======== Information shown

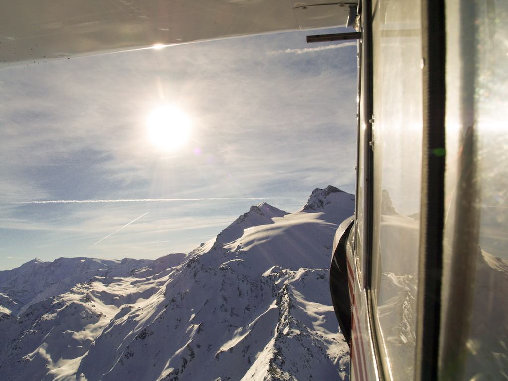 tentando di atterrare sul ghiacciaio del Ruithor... ma il vento forte e turbolento ce lo sconsiglia
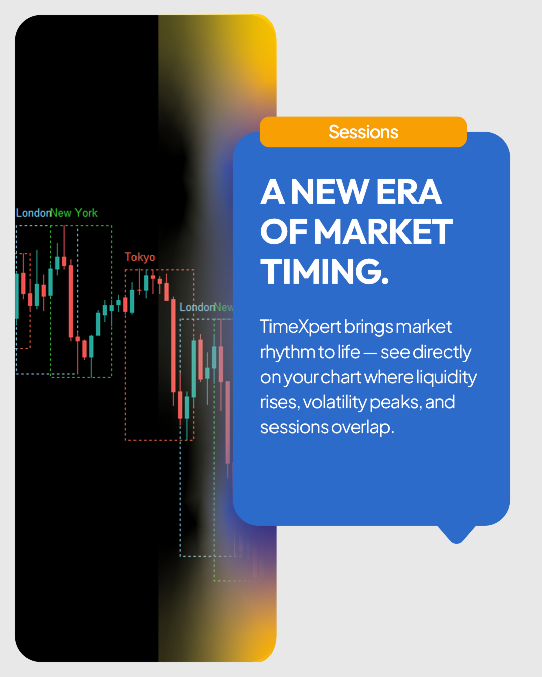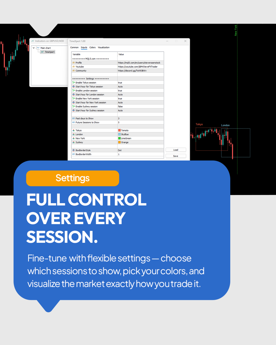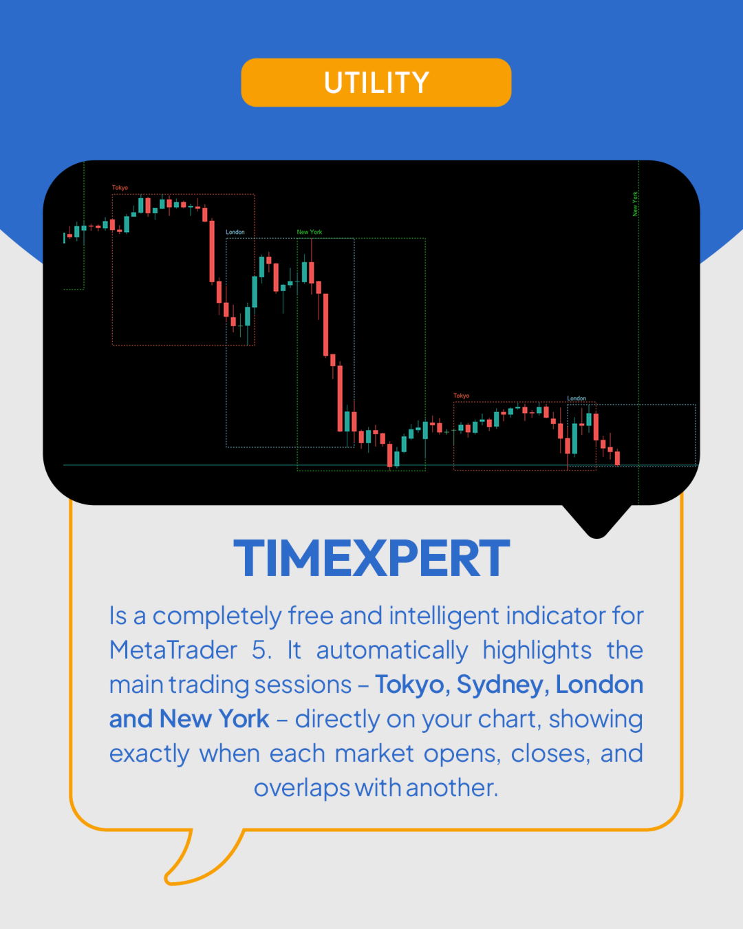 TimeXpert è uno strumento completamente gratuito per MetaTrader 5 che mostra le sessioni di trading globali - Tokyo, Sydney, London e New York - direttamente sul tuo grafico. Invece di calcolare gli orari manualmente, ottieni una panoramica automatica codificata a colori, che ti mostra a colpo d’occhio quando i mercati aprono, si sovrappongono o chiudono. Questo ti permette di identificare istantaneamente dove appare la volatilità, quando aumenta la liquidità, e quali periodi si adattano meglio alla tua strategia di trading. Tutti gli elementi sono completamente personalizzabili - dai colori agli stili delle linee, fino al numero di sessioni mostrate, rendendo TimeXpert un compagno flessibile per ogni trader. TimeXpert ti aiuta a perfezionare il timing dei tuoi trade mostrando esattamente quando inizia il movimento e quali sessioni generano gli impulsi di mercato più forti - uno strumento essenziale per qualsiasi setup professionale. Con il suo design pulito e minimalista, TimeXpert trasforma il tuo MetaTrader 5 in una mappa visiva globale dei mercati - precisa, intuitiva e completamente gratuita.
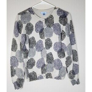 Izod Women’s Medium Button Up Cardigan Knit Sweater Gray & Black Floral Cotton
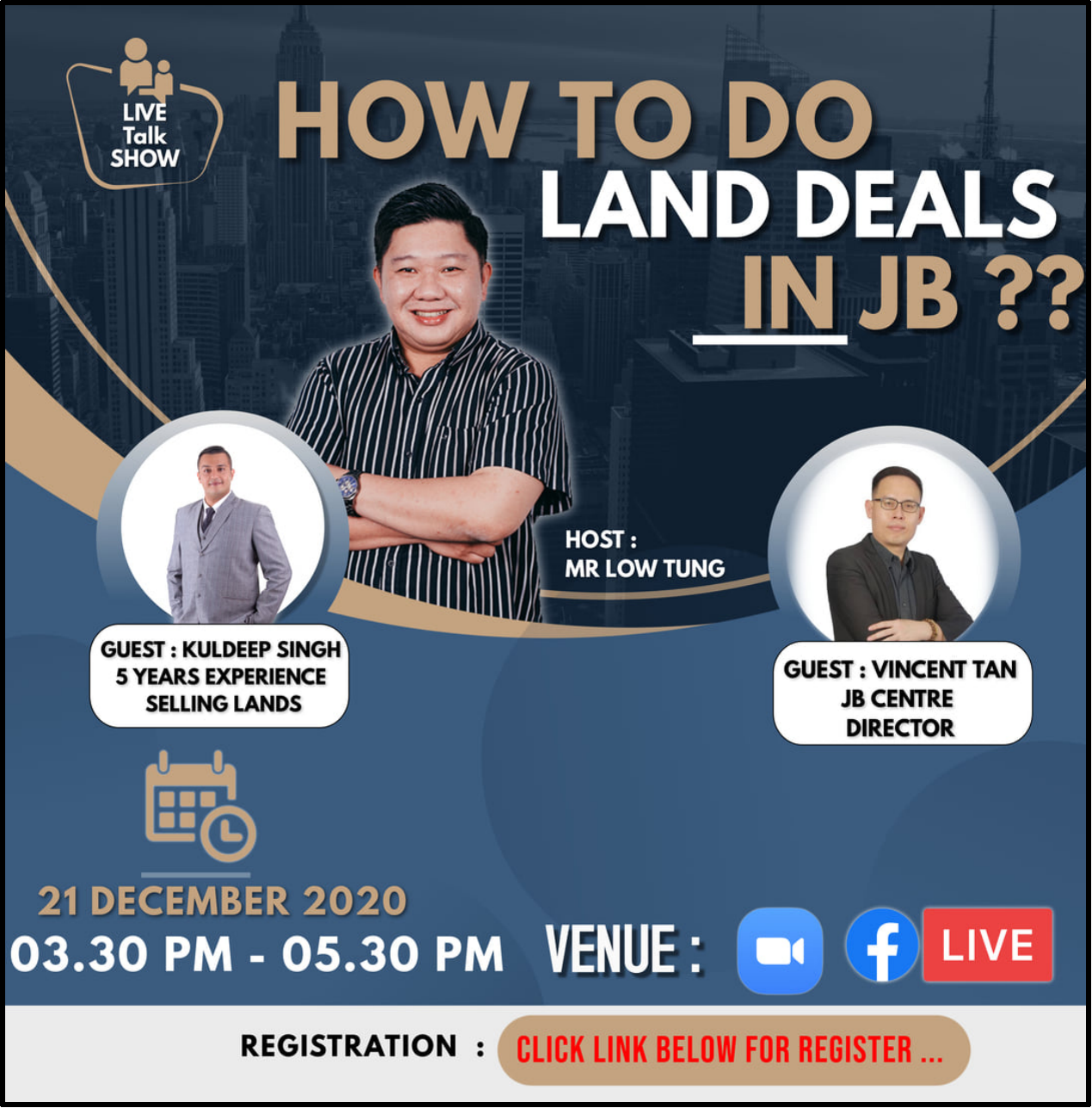 Topic: How To Do Land Deals In JB?Speaker : Mr. Low Tung, Mr. Kuldeep Singh, Mr. Vincent Tan

================

_Task description_: Once the pictures are removed, repeat all of the data above exactly.

_Exercise solution_:
 tentando di atterrare sul ghiacciaio del Ruithor... ma il vento forte e turbolento ce lo sconsiglia
 TimeXpert è uno strumento completamente gratuito per MetaTrader 5 che mostra le sessioni di trading globali - Tokyo, Sydney, London e New York - direttamente sul tuo grafico. Invece di calcolare gli orari manualmente, ottieni una panoramica automatica codificata a colori, che ti mostra a colpo d’occhio quando i mercati aprono, si sovrappongono o chiudono. Questo ti permette di identificare istantaneamente dove appare la volatilità, quando aumenta la liquidità, e quali periodi si adattano meglio alla tua strategia di trading. Tutti gli elementi sono completamente personalizzabili - dai colori agli stili delle linee, fino al numero di sessioni mostrate, rendendo TimeXpert un compagno flessibile per ogni trader. TimeXpert ti aiuta a perfezionare il timing dei tuoi trade mostrando esattamente quando inizia il movimento e quali sessioni generano gli impulsi di mercato più forti - uno strumento essenziale per qualsiasi setup professionale. Con il suo design pulito e minimalista, TimeXpert trasforma il tuo MetaTrader 5 in una mappa visiva globale dei mercati - precisa, intuitiva e completamente gratuita.
 Izod Women’s Medium Button Up Cardigan Knit Sweater Gray & Black Floral Cotton
 Topic: How To Do Land Deals In JB?Speaker : Mr. Low Tung, Mr. Kuldeep Singh, Mr. Vincent Tan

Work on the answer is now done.